On Mon, Aug 1, 2016 at 3:47 AM, Mark Rutland <mark.rutland@arm.com> wrote:
> On Sun, Jul 31, 2016 at 03:04:58PM -0700, Kees Cook wrote:
>> On Sun, Jul 31, 2016 at 2:55 AM, Paul Burton <paul.burton@imgtec.com> wrote:
>> > It would be very interesting to discuss what's needed from arch code for
>> > various hardening features, both those currently in mainline & those in
>> > development.
>>
>> Yeah, there are a number of arch-specific things on my radar:
>>
>> - Standardizing copy_*_user() infrastructure. Each architecture does
>> their usercopy work in slightly different ways, and hooking it for
>> things like KASan and hardened usercopy can be weird and error-prone.
>> What's landing in arm64 is, I think, likely the start of what things
>> should look like for other architectures: there is a low-level
>> function (__arch_copy_*_user) that does the actual work of the copy.
>> Above that needs to be the place to hook KASan and hardened usercopy,
>> but still within the __copy* and copy* functions. (And x86 has a
>> single-underscore _copy* set of functions too!) Deciding the ordering
>> of KASan/hardened-usercopy vs access_ok checks may be worth discussing
>> too.
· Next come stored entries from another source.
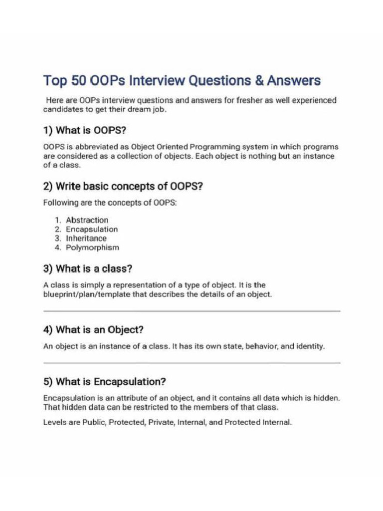 Levels are Public, Protected, Private, internal, and Protected Internal.6) What is Polymorphism?
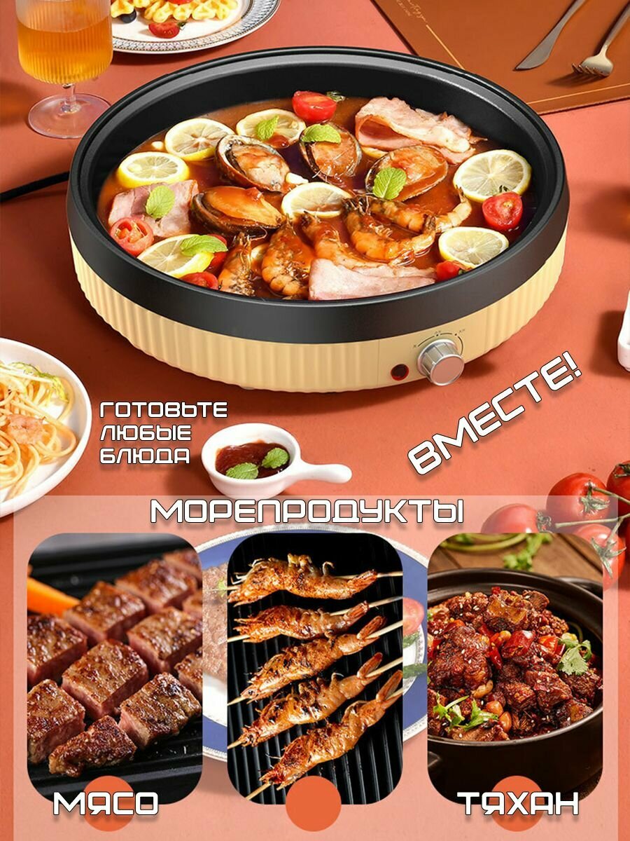 Корейский настольный электрогриль BBQ / Раклетница Цвет белый 43см
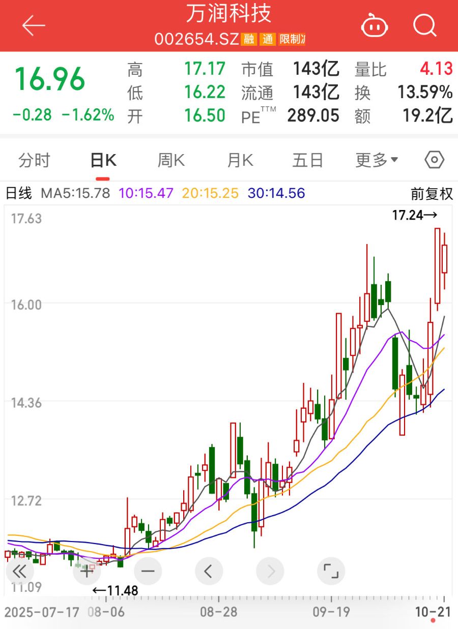 10月21日,万润科技(002654)(002654.SZ)低开震荡,截至9时58分报16.85元/股,跌幅2.26%。此前两个交易日(10月17日、20日),其股价累计涨幅超17%,其中20日更是强势涨停。
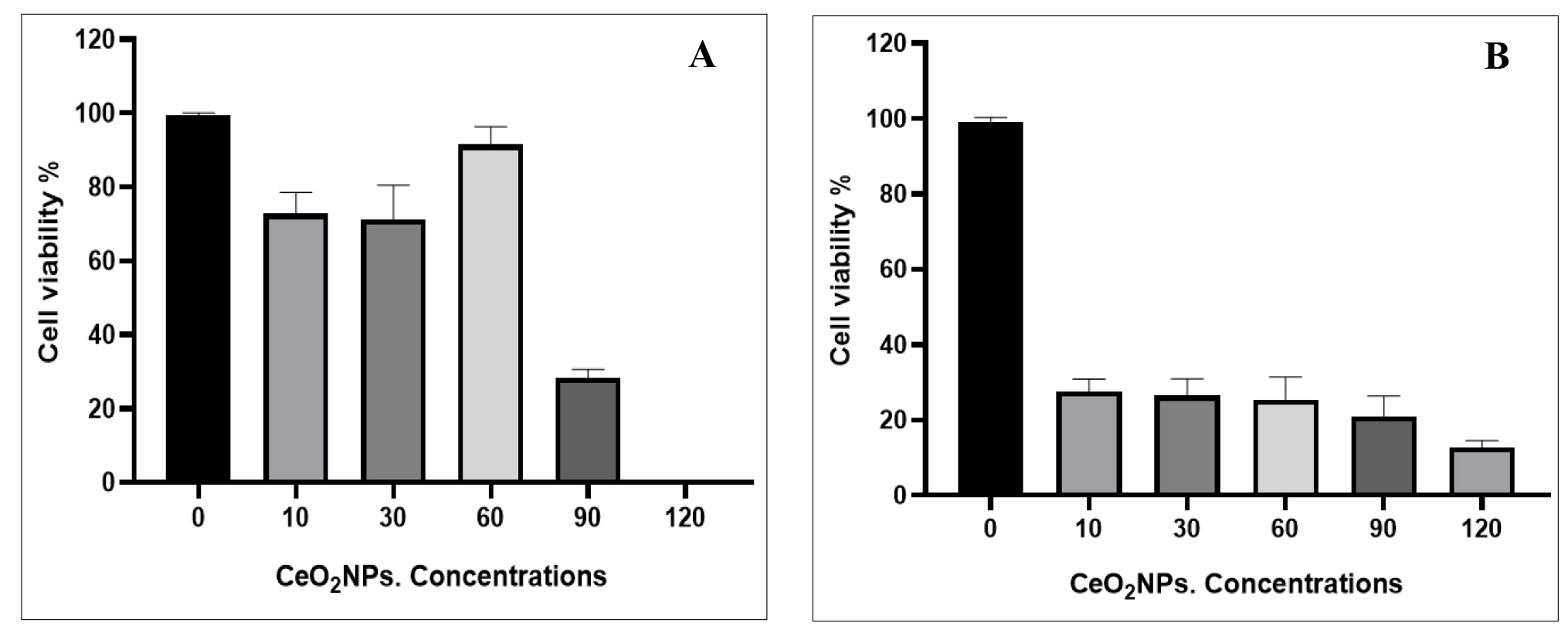 Figure 1.The percentage of the cell viability rate of the: A: HBL-100, B: REF cell lines, that were treated with different concentrations of nanoceria for 72 h. by using the MTT assay.
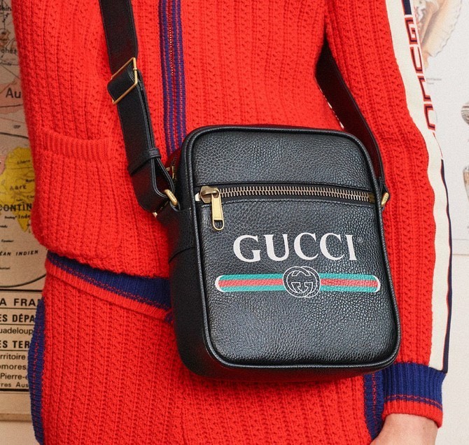 GUCCI 經典緞帶Logo 荔枝皮革 黑色 側背包 郵差包✅正品代購
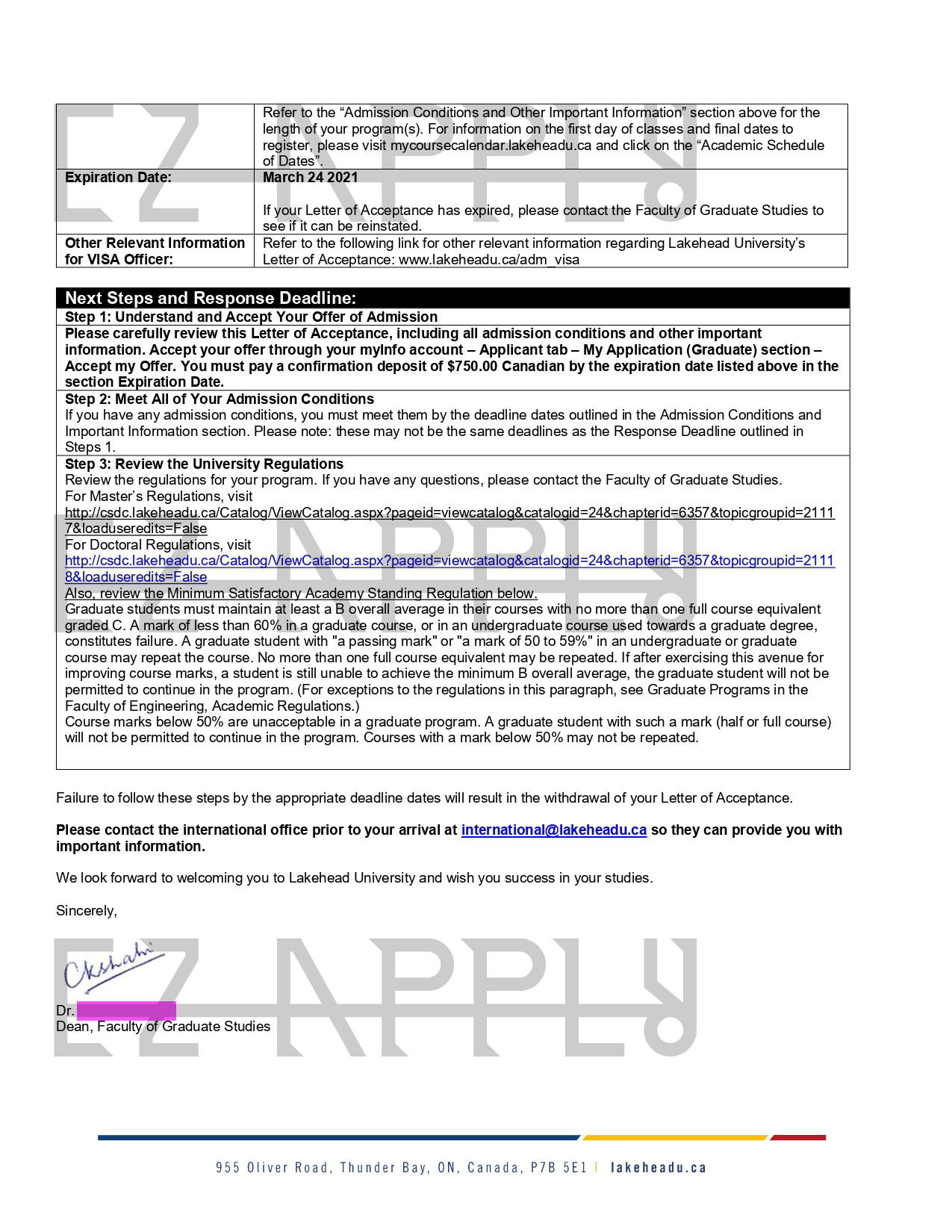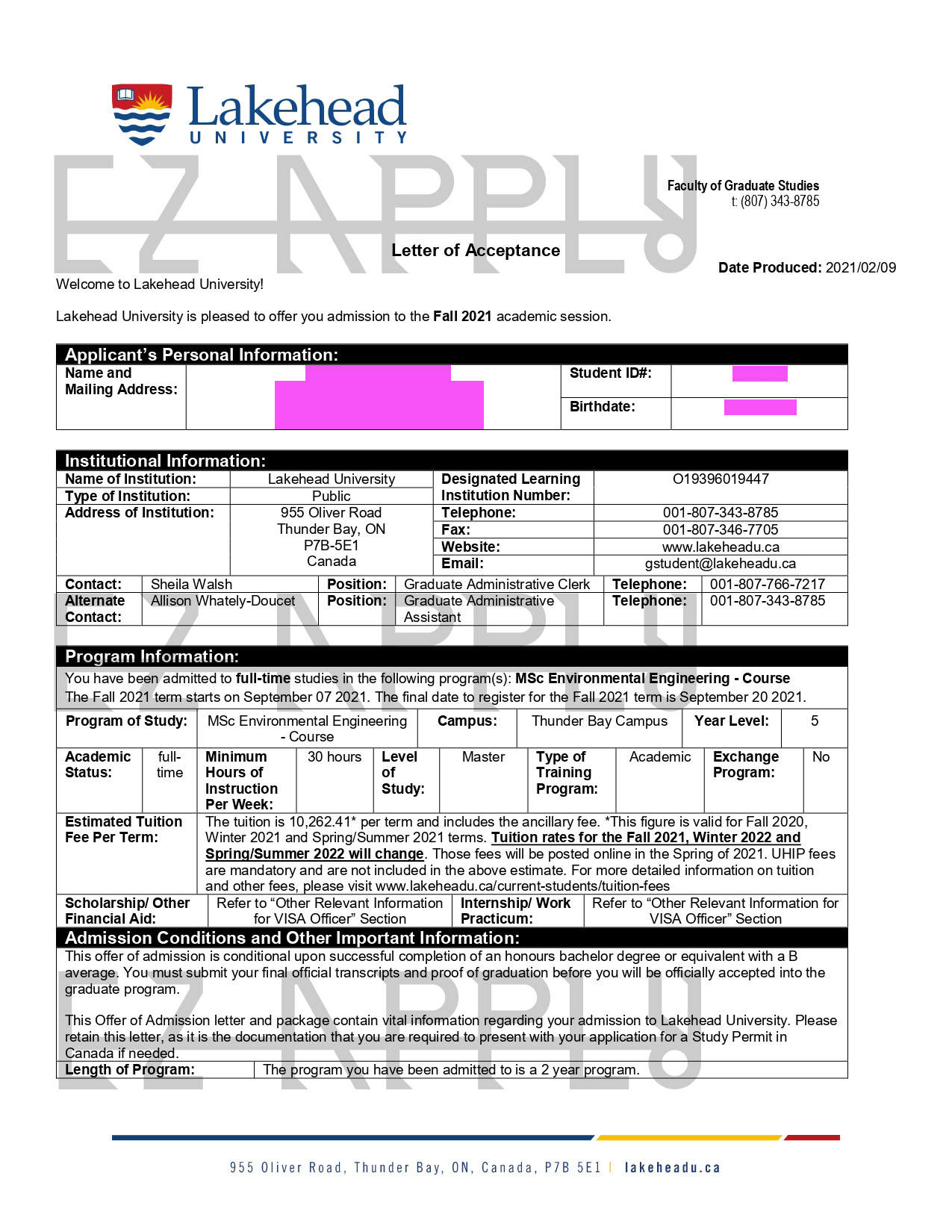 اخذ پذیرش توسط تیم «ایزی اپلای» در مقطع کارشناسی ارشد در رشته «مهندسی بهداشت» از دانشگاه «Lakehead» در کانادا برای ترم پاییز 2021
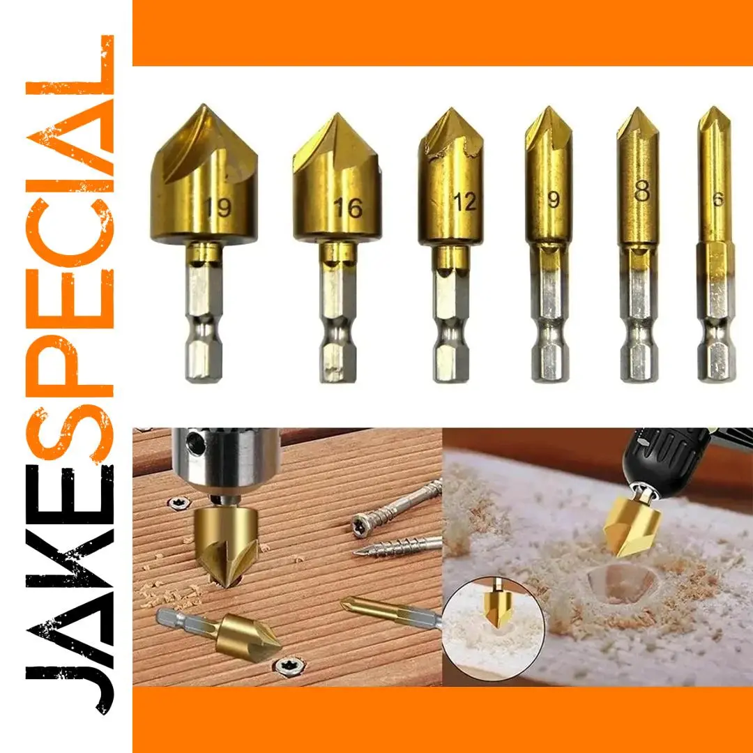 Enhance your woodworking projects with this 6-piece set of core drill bits, ranging from 6mm to 19mm in diameter, featuring a durable high carbon steel construction. Each bit has a sleek, hexagon handle for easy grip and compatibility with power drills. The gold-colored titanium plating not only provides corrosion resistance but also adds a stylish touch. Designed with a five-edge chamfering and countersunk conical head, these bits produce clean, precise spot faces and countersinks for fasteners and joinery. Perfect for professionals and enthusiasts alike, this set offers reliable performance and excellent control for detailed woodwork applications.
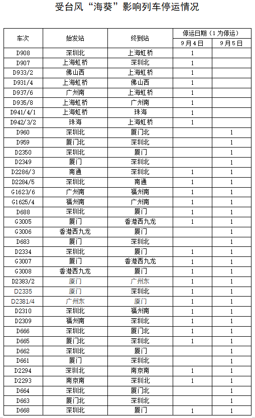 受台风“海葵”影响 铁路部门停运途经杭深铁路部分旅客列车
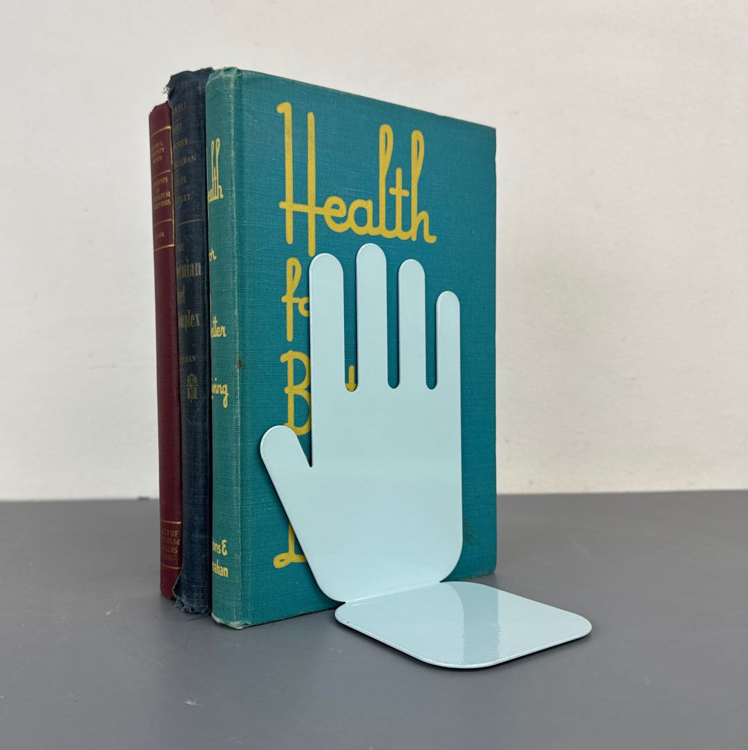 SINGLE rare discontinued pale blue-gray hand metal bookend designed by Jonathan Adler for Barnes & Noble. In excellent vintage condition with a foam rubber underside.
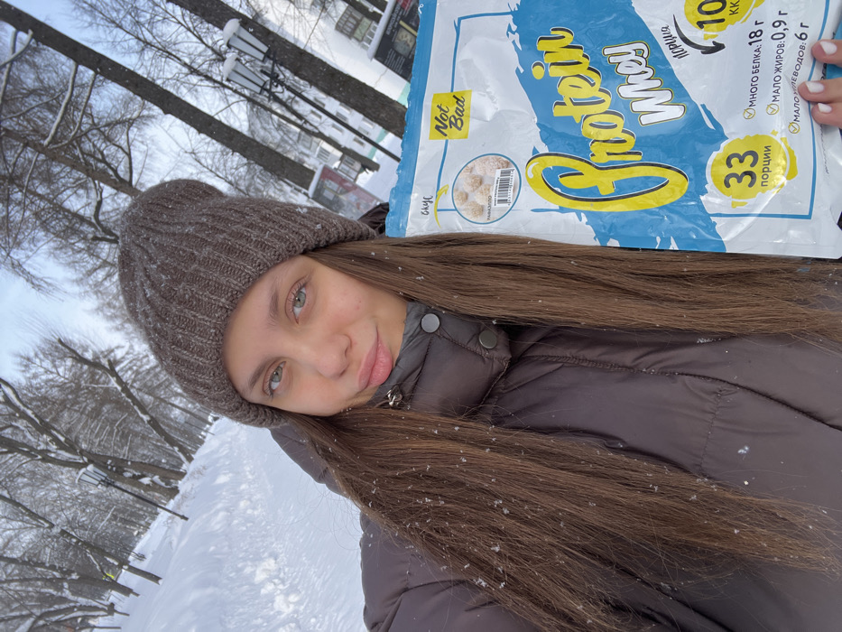 A young adult female is depicted taking a selfie in a snowy, outdoor park-like environment in Chaikovsky, Russia. She has long, straight, dark brown hair with visible snowflakes, light-colored eyes, and wears a dark brown ribbed knit beanie and a dark brown padded winter jacket. She is looking directly at the camera with a slight pout. In her right hand, she holds a large, light blue and white plastic package labeled "Not Bad Protein Whey" in English and Russian, displaying nutritional information (33 servings, 18g protein, 0.9g fat, 6g carbohydrates) and an image of small, round, white food items. Her fingernails are painted white. The background features a snow-covered incline, numerous bare deciduous trees, and two ornate, dark-colored lampposts. Distant multi-story buildings are partially visible through the trees on the right side of the frame. The entire scene is covered in a substantial layer of white snow under bright, natural light, indicative of winter conditions.
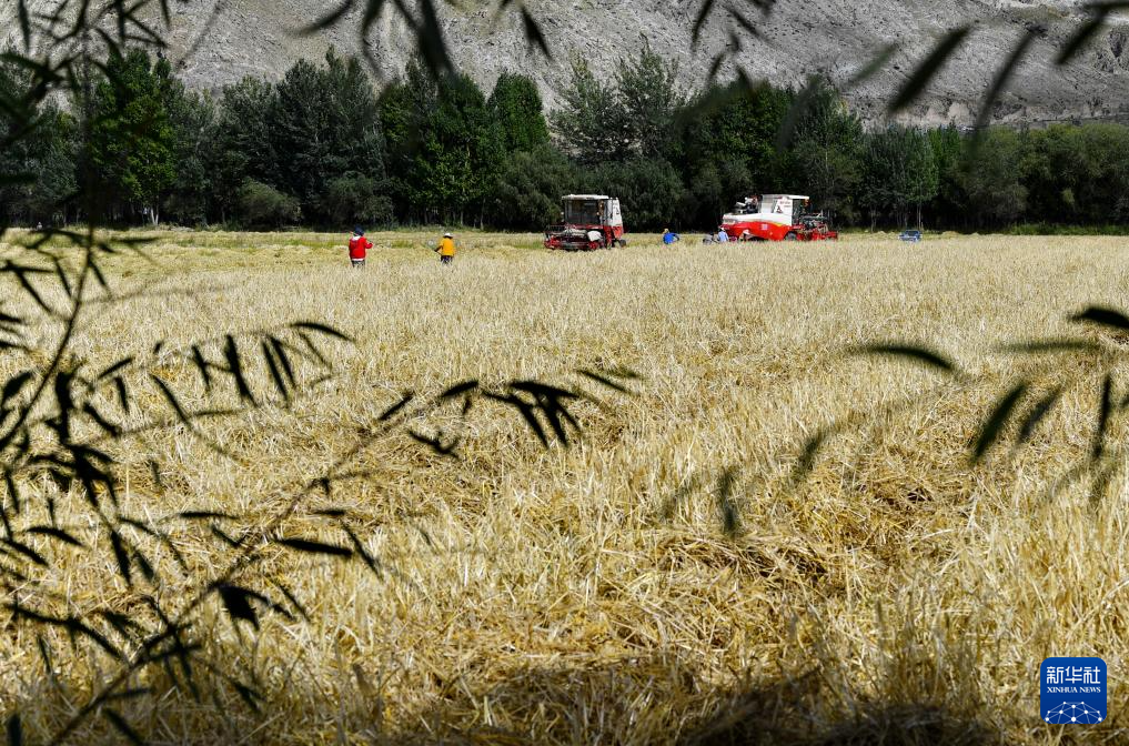 近日,西藏拉薩市曲水縣青稞成熟,人們忙著收割青稞,感受豐收的喜悅。

For example, it's silly to check hardened-usercopy first if
>> access_ok is going to reject it.
>
> I think that's basically implied by the copy_* and __copy_* variants,
> per the asm-generic version the former simply add an access_ok check
> prior to calling the latter.

Well, it's certainly the intended design, but some architectures use
inlines, some use a common function for the copy (with in/out as a
parameter), and x86 uses different paths for __copy* than copy*

> Modulo figuring out the specifics for x86, perhaps this is just a matter
> of proposing patches?

Totally agreed: though there is enough arch-specific nuance in here
that I'd love to see arch maintainers helping (and I only have so much
time...)

> Given arm64 looks to be roughly the right shape already, I'd be happy to
> see how much of the arm64 code we can shift out to
> <asm-generic/uaccess.h> or <linux/uaccess.h>.

Right, I think that'd be the first step.

>> - Cleaning up CONFIG_DEBUG_RODATA. This config should not be called
>> "debug", and, frankly, it should be mandatory for all architectures.
>
> Likewise for DEBUG_SET_MODULE_RONX (which is currently independent of
> DEBUG_RODATA). I think we should do the same thing there, and perhaps
> fold the options together, or remove the config symbols entirely.

Yes, totally agreed.

> We don't currently have a boot-time option to disable
> DEBUG_SET_MODULE_RONX for testing, as we do for DEBUG_RODATA. Perhaps
> adding one is the first step to making that default y for all
> architectures?

Or tie it to the existing rodata flag, then drop the MODULE_RONX
config? In the back of my mind there's some reason that these are
separate configs, but I can't remember now. Maybe Laura remembers?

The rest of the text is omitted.